Thanks in advance, Cedric
full vep output:
[cedric@laptop]:/Mupexi/Mupexi/data_error$ cat outputvep_inserts
> ## ENSEMBL VARIANT EFFECT PREDICTOR v90.9
> ## Output produced at 2017-12-05 15:40:58
> ## Using cache in /media/cedric/Extra_space_linu/.vep/homo_sapiens/90_GRCh38
> ## Using API version 90, DB version ?
> ## ensembl-io version 90.9a148ea
> ## ensembl-variation version 90.00c29b7
> ## ensembl-funcgen version 90.743f32b
> ## ensembl version 90.4a44397
> ## dbSNP version 150
> ## ESP version V2-SSA137
> ## gencode version GENCODE 27
> ## 1000genomes version phase3
> ## ClinVar version 201706
> ## sift version sift5.2.2
> ## regbuild version 16
> ## genebuild version 2014-07
> ## assembly version GRCh38.p10
> ## COSMIC version 81
> ## gnomAD version 170228
> ## polyphen version 2.2.2
> ## HGMD-PUBLIC version 20164
> ## Column descriptions:
> ## Uploaded_variation : Identifier of uploaded variant
> ## Location : Location of variant in standard coordinate format (chr:start or chr:start-end)

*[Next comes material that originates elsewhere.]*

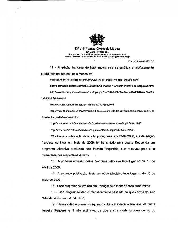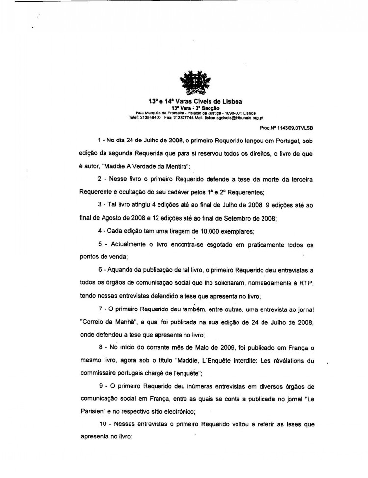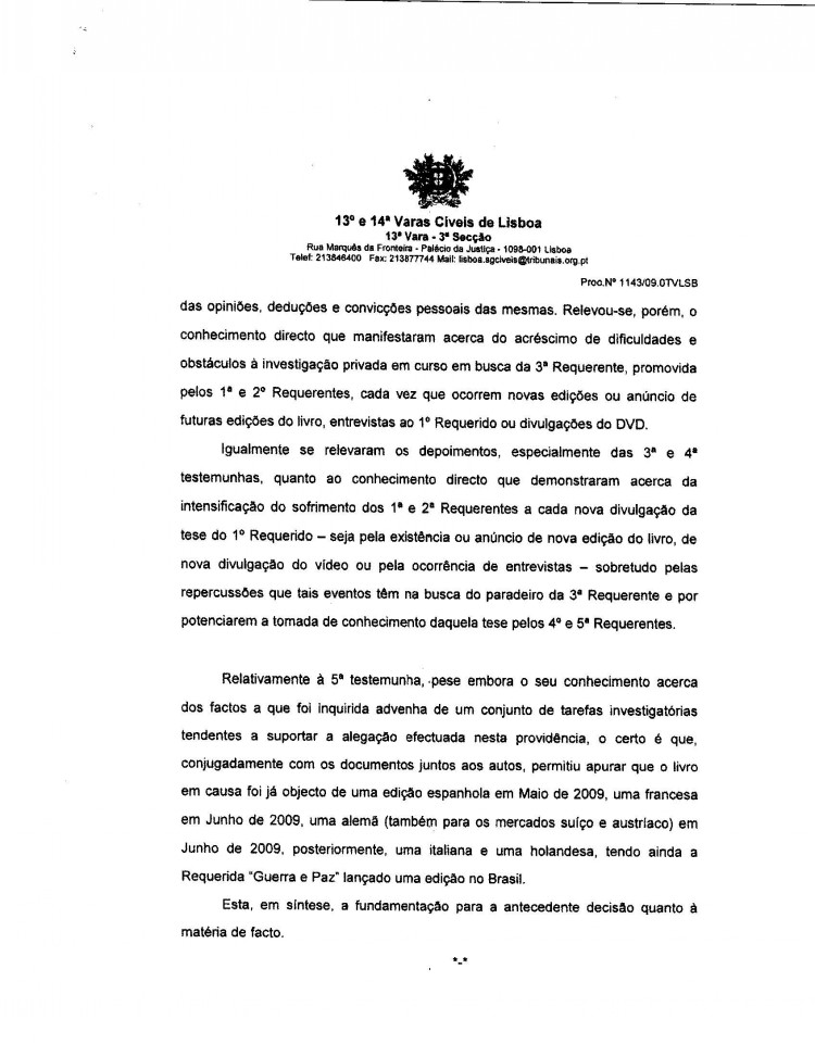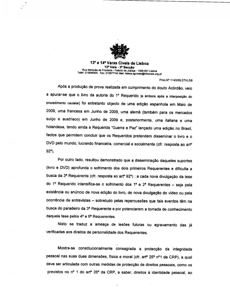 This page contains the actual Civil Court decision to grant an injunction against Gonçalo Amaral's

> ## Allele : The variant allele used to calculate the consequence
> ## Gene : Stable ID of affected gene
> ## Feature : Stable ID of feature
> ## Feature_type : Type of feature - Transcript, RegulatoryFeature or MotifFeature
> ## Consequence : Consequence type
> ## cDNA_position : Relative position of base pair in cDNA sequence
> ## CDS_position : Relative position of base pair in coding sequence
> ## Protein_position : Relative position of amino acid in protein
> ## Amino_acids : Reference and variant amino acids
> ## Codons : Reference and variant codon sequence
> ## Existing_variation : Identifier(s) of co-located known variants
> ## Extra column keys:
> ## IMPACT : Subjective impact classification of consequence type
> ## DISTANCE : Shortest distance from variant to transcript
> ## STRAND : Strand of the feature (1/-1)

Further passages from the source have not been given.